▶ _Work required_: Search the records for lines that contain the word "Eagle". Copy them all.

* * * * * * *

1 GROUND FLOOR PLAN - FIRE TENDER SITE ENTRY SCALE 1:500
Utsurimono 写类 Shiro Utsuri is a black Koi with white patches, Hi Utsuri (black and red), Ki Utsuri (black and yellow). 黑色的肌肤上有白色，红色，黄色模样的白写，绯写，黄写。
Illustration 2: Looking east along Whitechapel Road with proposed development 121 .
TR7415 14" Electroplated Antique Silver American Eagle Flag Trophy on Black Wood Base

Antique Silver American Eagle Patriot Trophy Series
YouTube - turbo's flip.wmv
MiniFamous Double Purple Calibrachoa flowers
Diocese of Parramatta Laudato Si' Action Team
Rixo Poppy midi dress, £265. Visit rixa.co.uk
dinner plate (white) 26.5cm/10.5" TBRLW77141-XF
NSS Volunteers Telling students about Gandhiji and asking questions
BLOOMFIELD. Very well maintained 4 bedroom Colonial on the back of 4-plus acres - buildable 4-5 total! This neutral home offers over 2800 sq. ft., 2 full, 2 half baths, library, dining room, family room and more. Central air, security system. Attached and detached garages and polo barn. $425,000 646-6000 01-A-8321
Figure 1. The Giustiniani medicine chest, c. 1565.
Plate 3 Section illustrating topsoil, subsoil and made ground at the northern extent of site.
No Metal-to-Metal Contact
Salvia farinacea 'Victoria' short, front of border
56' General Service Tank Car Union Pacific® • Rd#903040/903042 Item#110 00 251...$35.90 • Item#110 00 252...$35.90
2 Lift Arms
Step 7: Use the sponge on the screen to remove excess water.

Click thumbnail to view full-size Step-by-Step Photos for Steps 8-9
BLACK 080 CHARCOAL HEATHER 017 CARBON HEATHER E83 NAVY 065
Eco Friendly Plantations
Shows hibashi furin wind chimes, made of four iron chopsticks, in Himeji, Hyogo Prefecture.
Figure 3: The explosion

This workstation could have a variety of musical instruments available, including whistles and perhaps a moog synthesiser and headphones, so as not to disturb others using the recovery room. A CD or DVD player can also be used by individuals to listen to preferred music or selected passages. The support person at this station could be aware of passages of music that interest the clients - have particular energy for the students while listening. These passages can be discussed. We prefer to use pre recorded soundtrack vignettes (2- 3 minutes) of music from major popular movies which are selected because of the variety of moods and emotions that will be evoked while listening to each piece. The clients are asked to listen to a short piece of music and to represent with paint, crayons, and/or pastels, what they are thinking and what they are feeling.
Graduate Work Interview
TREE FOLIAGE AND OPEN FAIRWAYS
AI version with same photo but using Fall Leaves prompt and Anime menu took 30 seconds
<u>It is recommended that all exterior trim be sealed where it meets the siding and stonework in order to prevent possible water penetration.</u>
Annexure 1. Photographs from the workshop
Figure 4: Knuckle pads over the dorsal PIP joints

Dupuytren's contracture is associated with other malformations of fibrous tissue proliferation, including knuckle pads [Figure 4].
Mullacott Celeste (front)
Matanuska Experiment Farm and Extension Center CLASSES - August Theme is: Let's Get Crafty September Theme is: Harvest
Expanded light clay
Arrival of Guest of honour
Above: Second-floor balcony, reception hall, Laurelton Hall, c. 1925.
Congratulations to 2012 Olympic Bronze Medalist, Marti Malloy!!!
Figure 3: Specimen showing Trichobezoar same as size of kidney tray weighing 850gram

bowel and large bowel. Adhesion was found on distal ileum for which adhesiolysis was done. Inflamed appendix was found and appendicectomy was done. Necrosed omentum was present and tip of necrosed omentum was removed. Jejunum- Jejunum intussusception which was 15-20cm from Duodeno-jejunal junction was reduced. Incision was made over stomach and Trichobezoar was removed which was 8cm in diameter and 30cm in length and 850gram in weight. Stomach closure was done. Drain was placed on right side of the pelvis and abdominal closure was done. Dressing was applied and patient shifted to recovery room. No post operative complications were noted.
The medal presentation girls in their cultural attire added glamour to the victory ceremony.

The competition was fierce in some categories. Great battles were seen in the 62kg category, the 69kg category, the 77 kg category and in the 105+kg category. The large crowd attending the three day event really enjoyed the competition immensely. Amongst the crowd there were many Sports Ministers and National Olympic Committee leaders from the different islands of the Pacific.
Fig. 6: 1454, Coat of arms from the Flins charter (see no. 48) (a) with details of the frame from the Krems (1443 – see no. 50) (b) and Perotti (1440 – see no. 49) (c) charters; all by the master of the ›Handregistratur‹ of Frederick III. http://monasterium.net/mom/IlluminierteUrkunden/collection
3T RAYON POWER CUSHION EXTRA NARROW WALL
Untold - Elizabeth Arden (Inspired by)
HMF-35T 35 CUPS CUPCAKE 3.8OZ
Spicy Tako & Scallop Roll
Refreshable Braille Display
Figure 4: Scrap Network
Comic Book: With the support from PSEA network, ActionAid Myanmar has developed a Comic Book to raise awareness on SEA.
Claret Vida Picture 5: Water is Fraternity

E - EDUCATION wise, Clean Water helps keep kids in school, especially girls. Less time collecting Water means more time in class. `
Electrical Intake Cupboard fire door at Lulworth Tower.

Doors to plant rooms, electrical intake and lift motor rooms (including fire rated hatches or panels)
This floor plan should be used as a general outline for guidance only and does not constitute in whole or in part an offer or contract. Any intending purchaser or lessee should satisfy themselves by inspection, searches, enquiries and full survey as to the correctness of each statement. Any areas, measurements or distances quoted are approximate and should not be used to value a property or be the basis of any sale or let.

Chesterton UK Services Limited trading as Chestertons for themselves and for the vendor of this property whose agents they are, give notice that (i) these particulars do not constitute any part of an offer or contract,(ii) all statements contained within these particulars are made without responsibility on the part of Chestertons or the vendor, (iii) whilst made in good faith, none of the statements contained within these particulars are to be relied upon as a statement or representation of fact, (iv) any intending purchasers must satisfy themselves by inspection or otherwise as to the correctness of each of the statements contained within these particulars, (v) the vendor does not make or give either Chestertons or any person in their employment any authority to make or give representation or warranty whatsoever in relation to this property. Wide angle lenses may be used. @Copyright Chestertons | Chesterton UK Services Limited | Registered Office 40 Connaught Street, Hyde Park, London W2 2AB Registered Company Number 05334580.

* * * * * * *

▶ _Written answer_:
TR7415 14" Electroplated Antique Silver American Eagle Flag Trophy on Black Wood Base
Antique Silver American Eagle Patriot Trophy Series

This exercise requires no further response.